[EXERCISE DESCRIPTION]: Your answer must consist of exactly the lines below, starting with the line with "Fabulous location right" and going on through the line with "9月2日訊 男籃歐錦賽結束了", and nothing else.

[Opening SUPPLIED MATERIAL section]

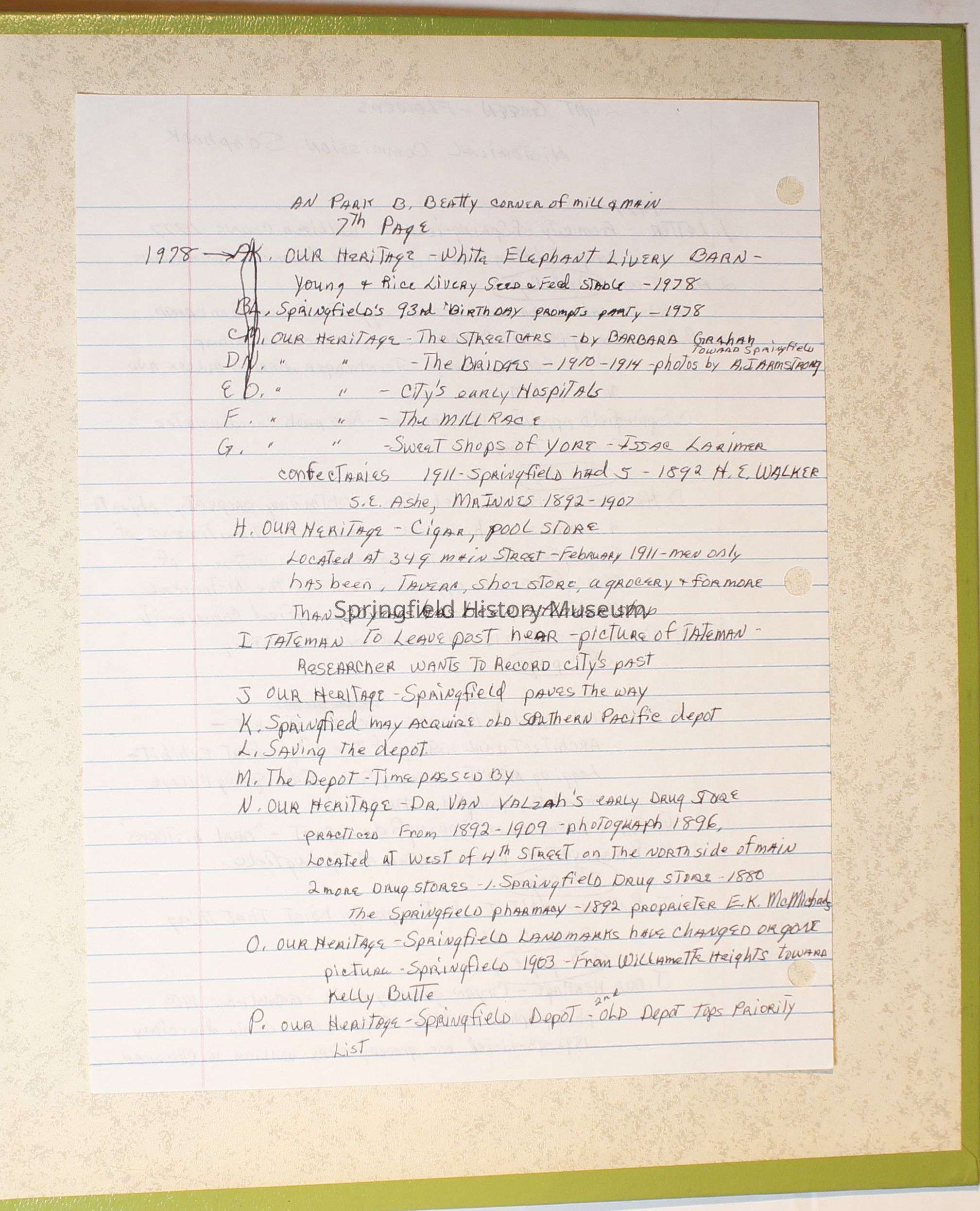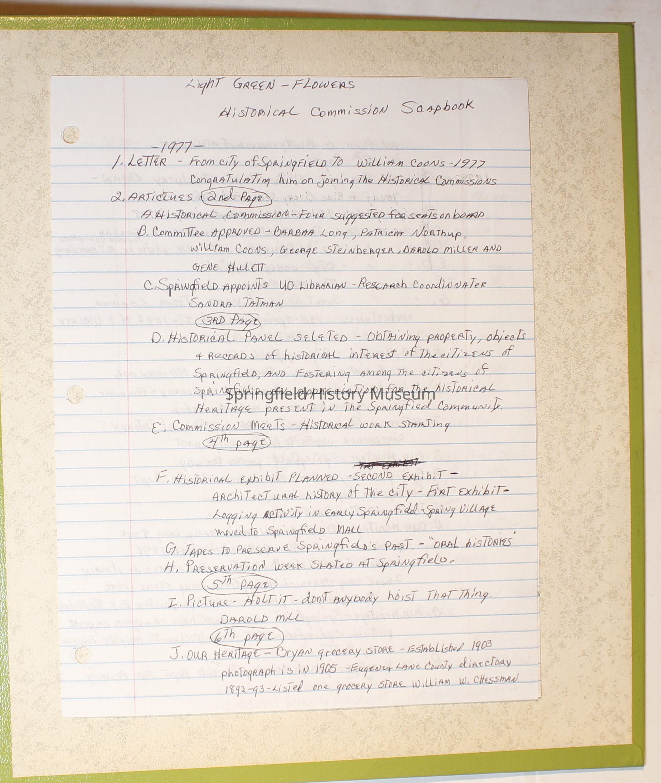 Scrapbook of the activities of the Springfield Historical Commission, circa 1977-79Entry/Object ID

[Closing SUPPLIED MATERIAL section]
[Opening SUPPLIED MATERIAL section]

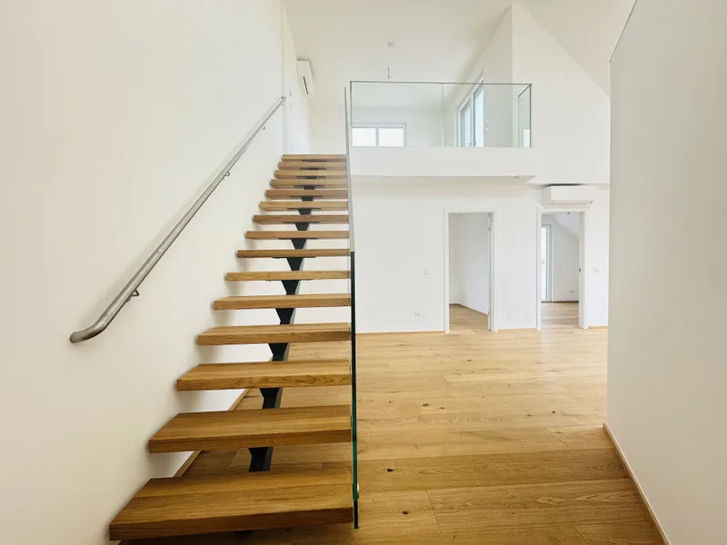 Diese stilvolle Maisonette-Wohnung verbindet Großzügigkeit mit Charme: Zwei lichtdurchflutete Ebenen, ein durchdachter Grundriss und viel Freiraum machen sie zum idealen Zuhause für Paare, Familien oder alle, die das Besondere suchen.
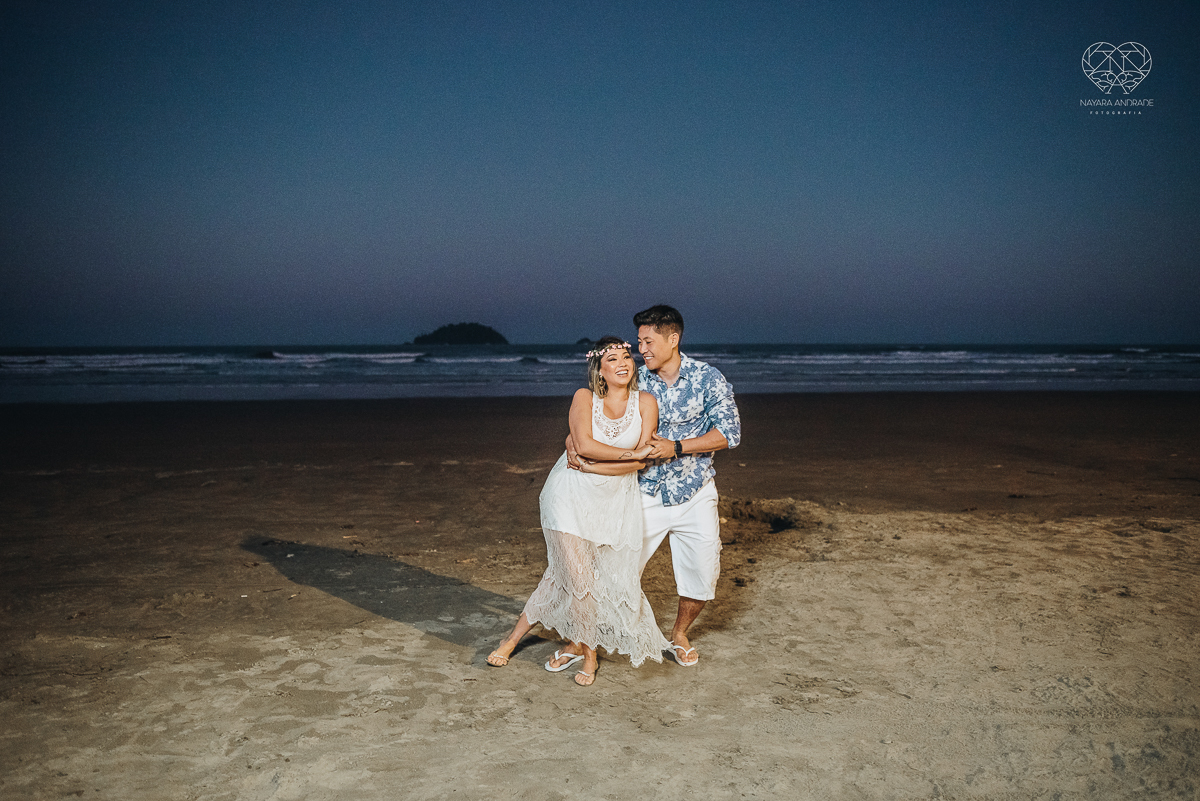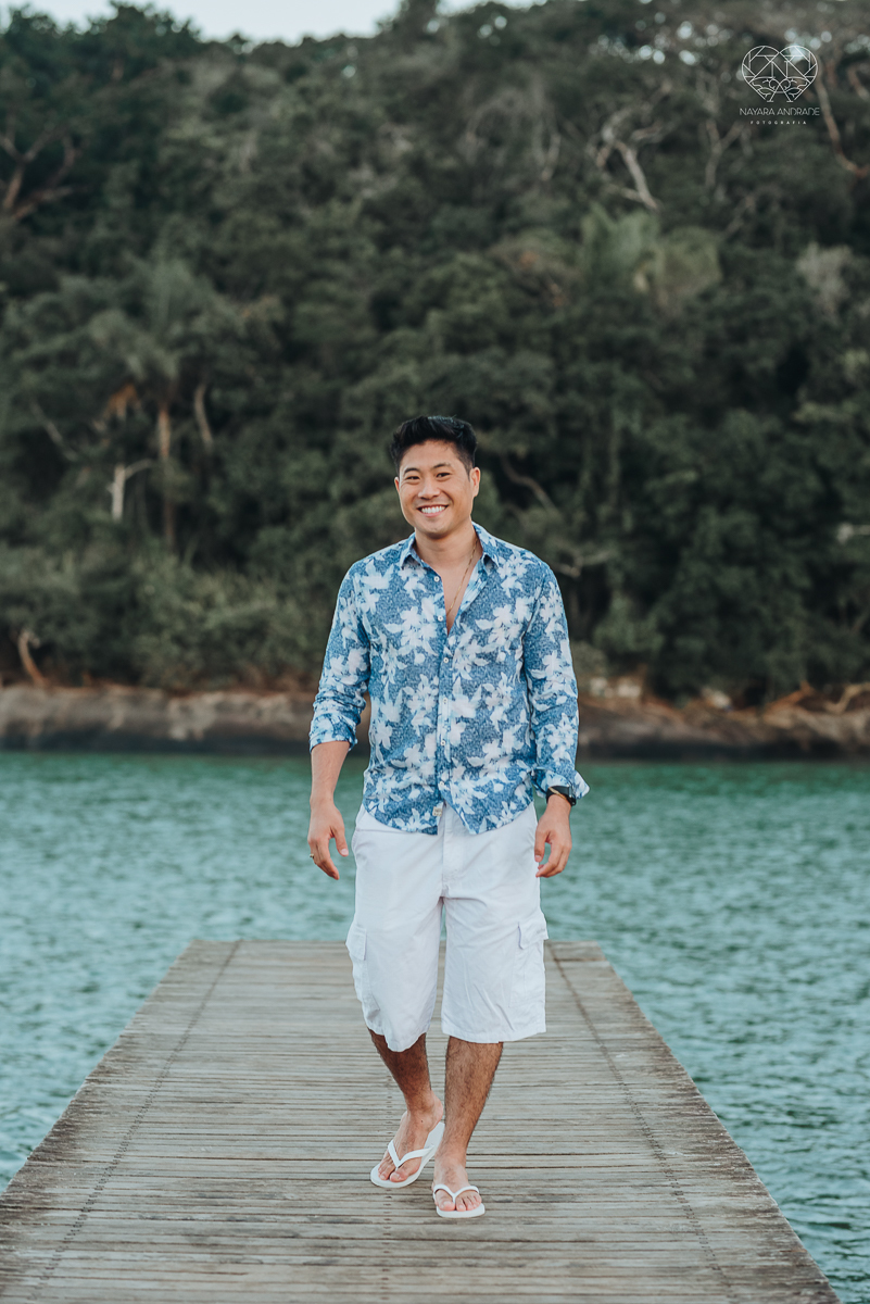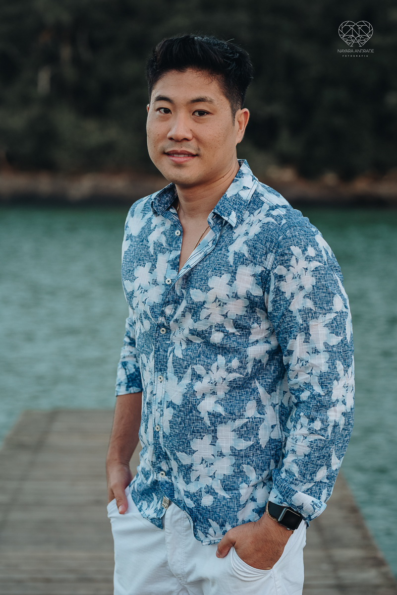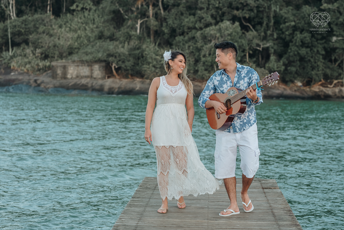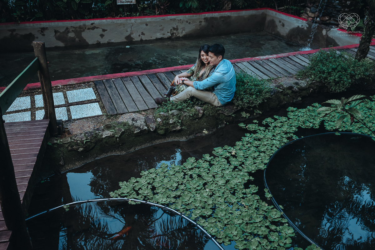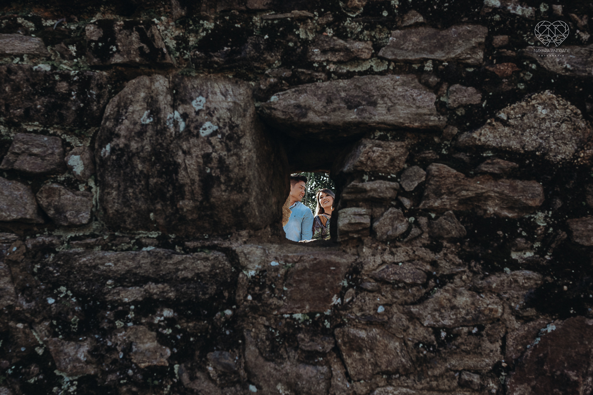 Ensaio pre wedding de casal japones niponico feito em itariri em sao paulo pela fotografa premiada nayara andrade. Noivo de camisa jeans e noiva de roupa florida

[Closing SUPPLIED MATERIAL section]
[Opening SUPPLIED MATERIAL section]

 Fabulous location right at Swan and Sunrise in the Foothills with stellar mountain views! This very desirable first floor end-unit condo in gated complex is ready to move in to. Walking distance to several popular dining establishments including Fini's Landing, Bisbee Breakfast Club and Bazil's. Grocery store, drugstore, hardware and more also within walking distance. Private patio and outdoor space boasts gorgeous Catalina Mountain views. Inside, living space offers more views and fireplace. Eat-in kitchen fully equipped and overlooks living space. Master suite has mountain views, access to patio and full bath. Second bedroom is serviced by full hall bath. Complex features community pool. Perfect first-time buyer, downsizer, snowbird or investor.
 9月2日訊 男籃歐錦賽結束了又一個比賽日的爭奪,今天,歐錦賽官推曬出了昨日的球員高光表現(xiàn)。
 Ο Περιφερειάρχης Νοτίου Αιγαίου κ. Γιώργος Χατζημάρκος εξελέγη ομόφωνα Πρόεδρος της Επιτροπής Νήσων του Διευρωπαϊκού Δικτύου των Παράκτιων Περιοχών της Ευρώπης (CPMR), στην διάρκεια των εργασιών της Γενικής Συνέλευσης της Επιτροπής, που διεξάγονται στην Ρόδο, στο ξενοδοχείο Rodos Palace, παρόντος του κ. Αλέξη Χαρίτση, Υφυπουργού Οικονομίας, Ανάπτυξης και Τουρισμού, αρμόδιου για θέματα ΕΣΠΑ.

[Closing SUPPLIED MATERIAL section]

[RESPONSE]:
 Fabulous location right at Swan and Sunrise in the Foothills with stellar mountain views! This very desirable first floor end-unit condo in gated complex is ready to move in to. Walking distance to several popular dining establishments including Fini's Landing, Bisbee Breakfast Club and Bazil's. Grocery store, drugstore, hardware and more also within walking distance. Private patio and outdoor space boasts gorgeous Catalina Mountain views. Inside, living space offers more views and fireplace. Eat-in kitchen fully equipped and overlooks living space. Master suite has mountain views, access to patio and full bath. Second bedroom is serviced by full hall bath. Complex features community pool. Perfect first-time buyer, downsizer, snowbird or investor.
 9月2日訊 男籃歐錦賽結束了又一個比賽日的爭奪,今天,歐錦賽官推曬出了昨日的球員高光表現(xiàn)。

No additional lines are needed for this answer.